Figure 4. Atglistatin-mediated inhibition of lipolysis improves glucose homeostasis.

(a,b) Six weeks old male C57Bl6J mice were fed a HFD (45 kJ% fat; 22.1 kJ g⁻¹) for 50 days. Thereafter, mice were fed a HFD in the presence and absence of Atglistatin. (c–f) Twenty weeks old ob/ob mice were fed a chow diet in the presence and absence of Atglistatin. (a,f) Insulin sensitivity and (b,e) glucose tolerance was determined after 30 and 40 days diet intervention by i.p. injection of 0.5 IU kg⁻¹ insulin and 1.5 g kg⁻¹ glucose, respectively (n=6). Area under the curve (AUC) was calculated using GraphPad Prism software. (c) Body weight of ob/ob animals fed a chow diet in the presence and absence of Atglistatin (n=6). (d) Averaged daily food intake of ob/ob animals fed a chow diet in the presence and absence of Atglistatin (n=6). Data represent mean±s.d.
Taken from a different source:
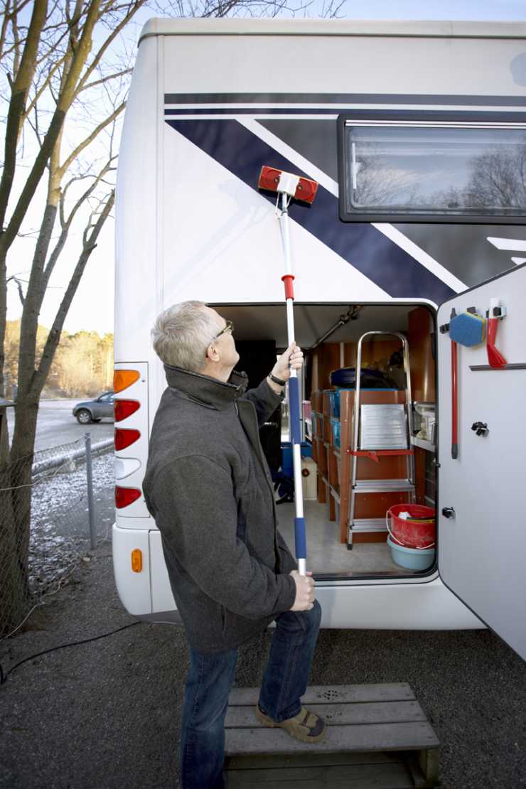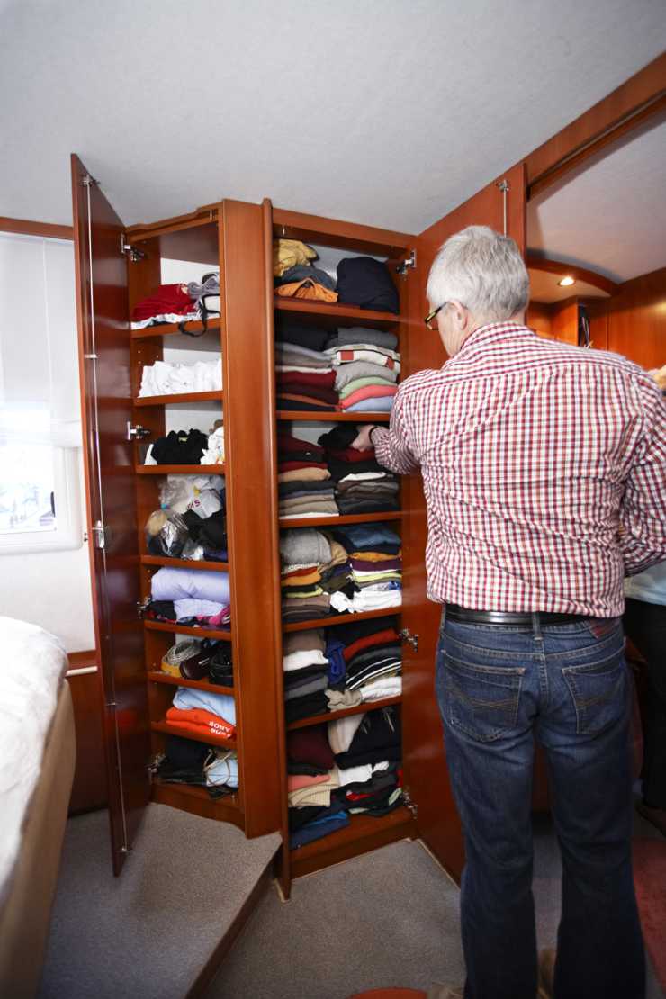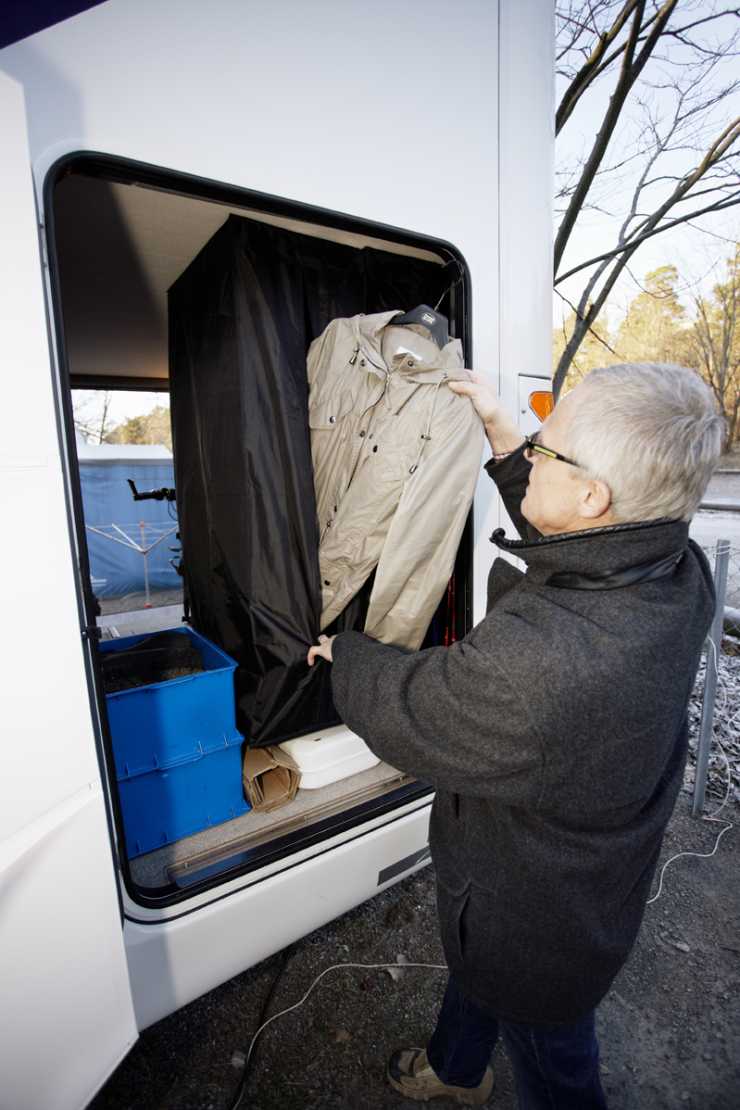 Hon öppnar klädskåpen i sovrummet. Där förvaras kläder i prydliga högar. I lastutrymmet har de inrett med smarta lösningar där allt mellan himmel och jord förvaras. På campingtomten står ett litet tält som bland annat rymmer utemöblerna under vintern. Det är välordnat och verkar funktionellt.

Statistical significance was determined by Student's two-tailed t-test; *P<0.05, **P<0.01 and ***P<0.001 for control versus ATGLi.

Figure 5. Atglistatin protects from HFD-induced NAFLD.
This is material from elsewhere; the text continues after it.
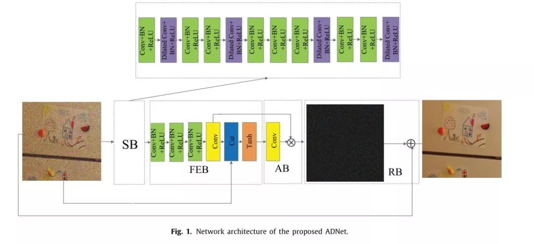 受这个启发,我们提出一个attention-guided denoising CNN (ADNet)。ADNet主要利用四个模块:一个稀疏块(SB),一个特征增强块(FEB), 一个注意力机制(AB)和一个重构块(RB)来进行图像去噪。

Six weeks old male C57Bl6J mice were fed a HFD (45 kJ% fat; 22.1 kJ g⁻¹) for 50 days. Thereafter, mice were fed a HFD in the presence and absence of Atglistatin for 140 days. (a) Atglistatin abundance was determined in extracts of adipose- and non-adipose tissues using liquid chromatography–mass spectrometry analysis (n=6 per group). (b,g,h) Total lipids were extracted and acylglycerol levels were determined in (b) m. quadriceps, and heart and (g) livers of wt mice fed a HFD or (h) in livers of ob/ob mice fed a chow diet in the presence or absence of Atglistatin (n=6 per group). (c) mRNA expression of Pparα, Cpt1b and Pgc-1α was assessed in hearts of moderately fasted animals (n=6 per group). (d) mRNA expression of inflammatory and fibrosis marker genes was assessed in hearts of re-fed animals (n=9 per group). (e) Left ventricular mass and (f) ejection fraction of hearts from control and ATGLi animals was assessed by MRI after 5 weeks of diet intervention (n=5 per group). (i) Haematoxylin–eosin sections of liver tissues were categorized according to lipid droplet abundance, inflammatory foci and cell ballooning. NAFLD score is the sum of the steatosis, inflammation and ballooning score. (j) ALT enzyme activity was measured in fresh isolated plasma using a commercial kit (n=9 per group). (k) mRNA expression of inflammatory and fibrosis marker genes was assessed in livers of re-fed animals (n=7 per group). Data represent mean+s.d. Statistical significance between control and ATGLi was determined by two-tailed Student's t-test; *P<0.05, **P<0.01 and ***P<0.001.